Monday, August 31, 2009

The Beginner's Mind

“A new idea is delicate. It can be killed by a sneer or a yawn; it can be stabbed to death by a joke or worried to death by a frown on the right person’s brow.”

Bruce Lund is the owner/founder of Lund and Company Innovation, a toy design and product invention company (inventors of Tickle Me Elmo). His company is dedicated to the proposition that toys are profoundly important. Great toys teach, entertain, surprise, inspire and invite inquiry.

Mr. Lund wrote this blog and I thought it was so good, I wanted to share it with you. Normally, I post a brief quote and then comment on it, but in this case, I’m passing on his blog in its entirety without comment . . . there’s nothing I could say that would improve or clarify what he has written. I hope you enjoy it as much as I did.

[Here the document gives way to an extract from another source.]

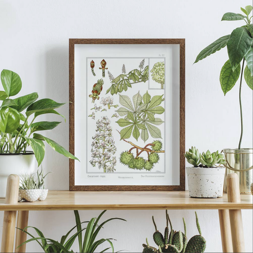 A beautiful print of chestnut leaves and conkers, in green tones.

Bruce Lund on The Beginner’s Mind

In our work, we have to have the ‘Beginner's Mind’, that innocent state of mind - a way of thinking and believing that all things are possible. I had forgotten that term. The Beginner's Mind does not know what cannot be done, and thus all things become possible.

Typically, as we age and learn, we develop this acute sense of what can’t be done, what is impossible. We become clever, logical, and incisive in our thinking and we begin to start demonstrating to others how smart we are at perceiving what won’t work. Most all of the designers I have worked with over these last 25 years have been keen to explain to me why ideas I suggest will not or cannot work. I am always entertained by their explanations and often frustrated, I will admit. But of course, they are on the threshold of discovering the processes of invention. These processes make the unlikely possible, and on occasion, the impossible possible. But only if you can approach the work with the Beginner’s Mind.

When we take on a project that we do not believe can work, we will always be right - and it won’t work. It is a tribute to the designers, inventors, and tinkerers who have been successful contributors to our team that they have been able set aside their inborn, natural critic to undertake projects without pre-judgment of the likely outcome. In doing so, they are often surprised at what they accomplish.

There is a special joy in making something that one didn’t think could be made, in doing something one didn’t believe could be done. We do that time and again because we are willing to believe all things are possible with the innocence of thought, the absence of doubt, the suspension of disbelief . . . the Beginner's Mind.